* WORK ITEM: Within the lines below, the span from the line with "PAGES RETROUVEES precédées" to the line with "Cherokee (XJ), CJ7, Comanche, Scrambler, Wrangler", both ends included, is to be reproduced exactly, with pictures omitted.

* DATA PROVIDED:
============================================================

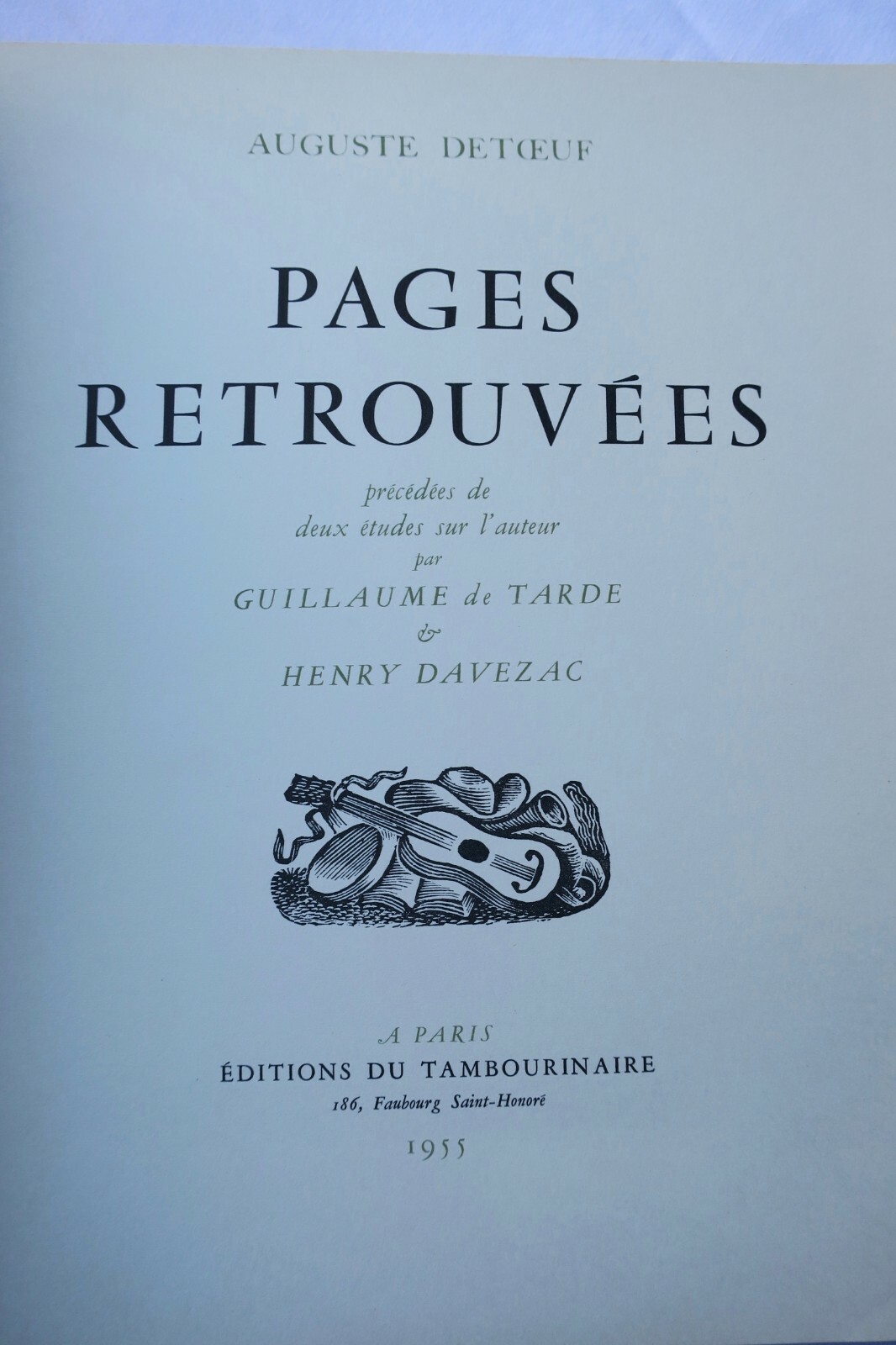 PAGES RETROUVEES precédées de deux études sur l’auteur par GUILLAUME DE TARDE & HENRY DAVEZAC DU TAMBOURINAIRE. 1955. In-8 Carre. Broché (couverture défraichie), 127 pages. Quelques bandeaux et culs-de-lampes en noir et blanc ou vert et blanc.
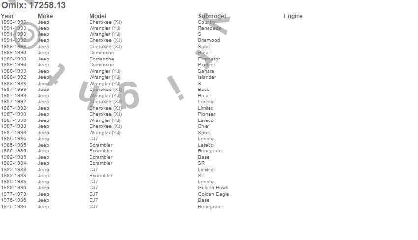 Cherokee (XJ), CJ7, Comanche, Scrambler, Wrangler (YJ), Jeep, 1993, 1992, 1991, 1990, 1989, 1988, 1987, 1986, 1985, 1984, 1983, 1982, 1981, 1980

============================================================

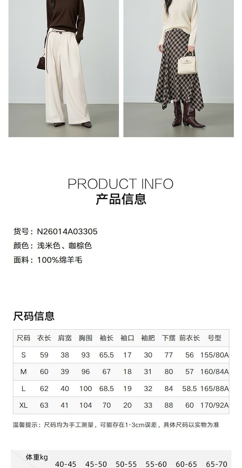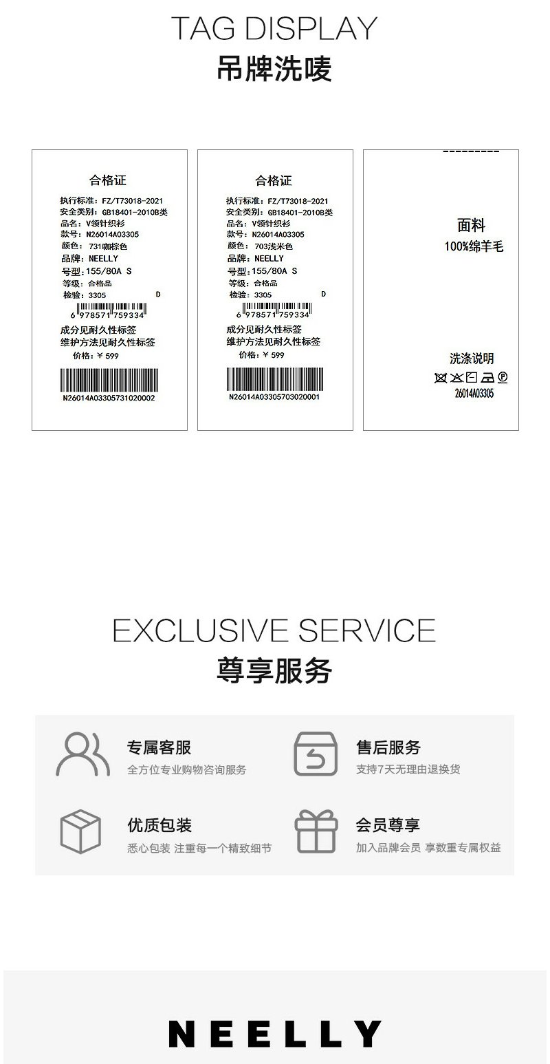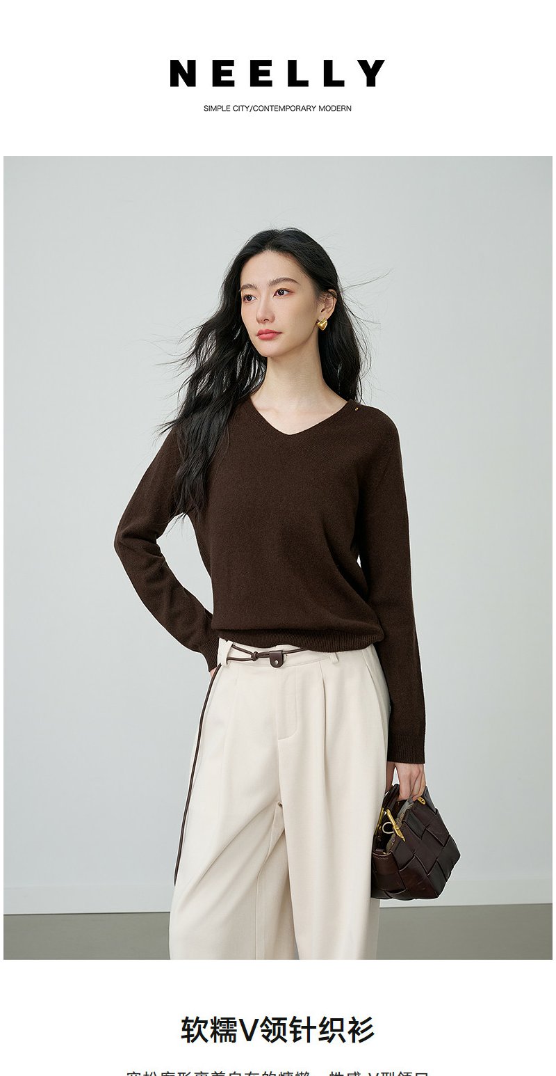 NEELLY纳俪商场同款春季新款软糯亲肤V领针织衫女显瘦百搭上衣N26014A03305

============================================================

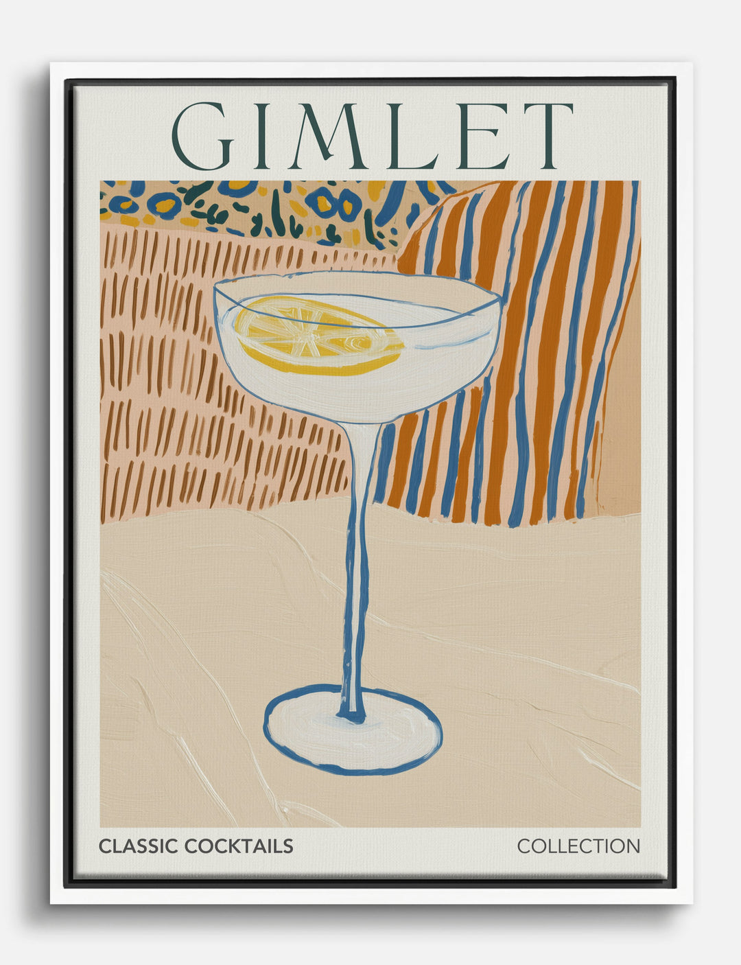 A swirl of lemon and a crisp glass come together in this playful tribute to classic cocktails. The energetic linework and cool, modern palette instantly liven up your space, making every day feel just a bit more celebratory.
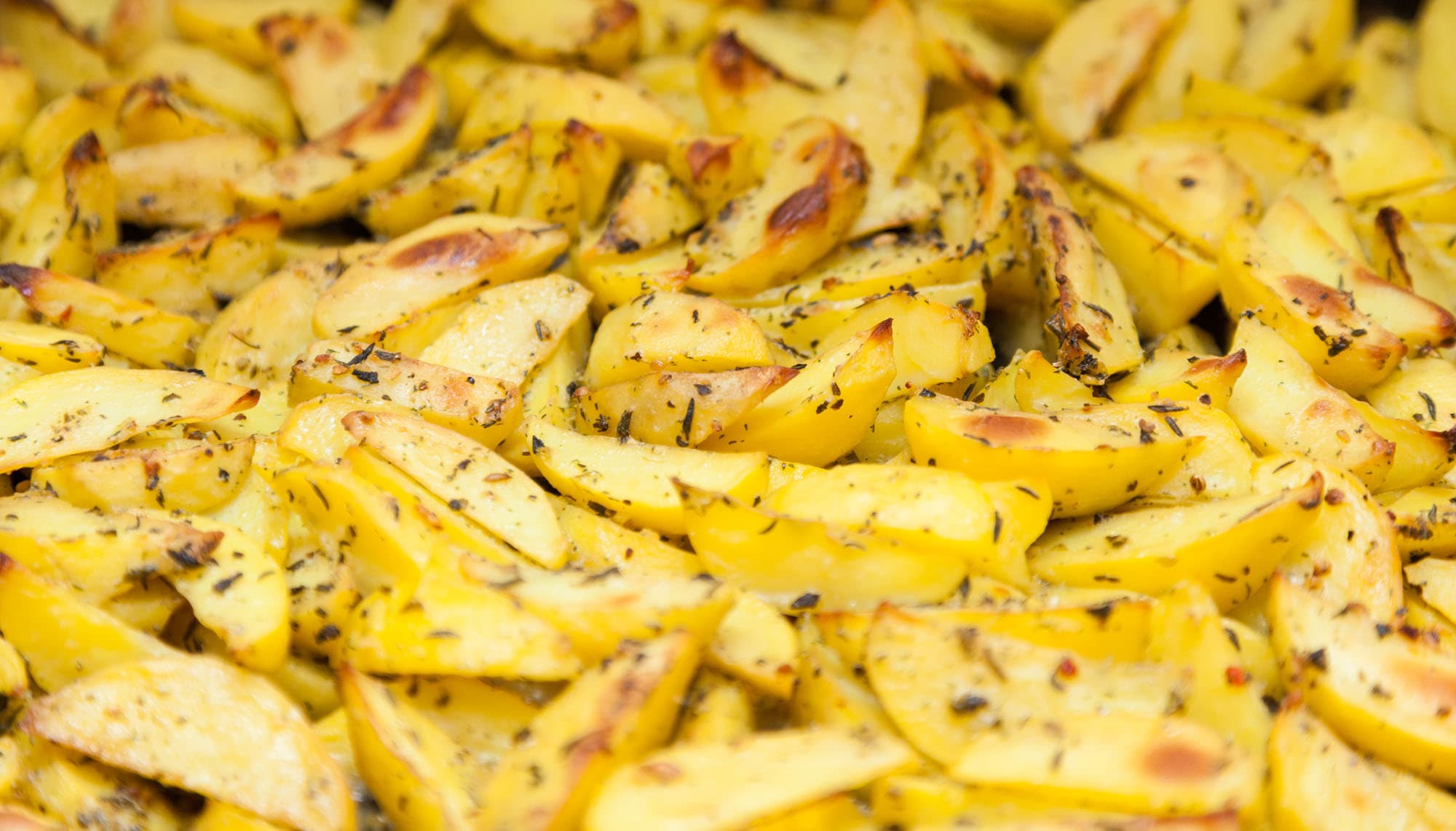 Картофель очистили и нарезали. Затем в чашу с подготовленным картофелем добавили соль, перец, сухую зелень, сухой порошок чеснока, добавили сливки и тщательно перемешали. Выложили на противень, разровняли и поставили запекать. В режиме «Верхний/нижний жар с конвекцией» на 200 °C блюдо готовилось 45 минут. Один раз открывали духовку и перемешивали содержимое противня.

============================================================

* SOLUTION TO THIS PROBLEM:
 PAGES RETROUVEES precédées de deux études sur l’auteur par GUILLAUME DE TARDE & HENRY DAVEZAC DU TAMBOURINAIRE. 1955. In-8 Carre. Broché (couverture défraichie), 127 pages. Quelques bandeaux et culs-de-lampes en noir et blanc ou vert et blanc.
 Cherokee (XJ), CJ7, Comanche, Scrambler, Wrangler (YJ), Jeep, 1993, 1992, 1991, 1990, 1989, 1988, 1987, 1986, 1985, 1984, 1983, 1982, 1981, 1980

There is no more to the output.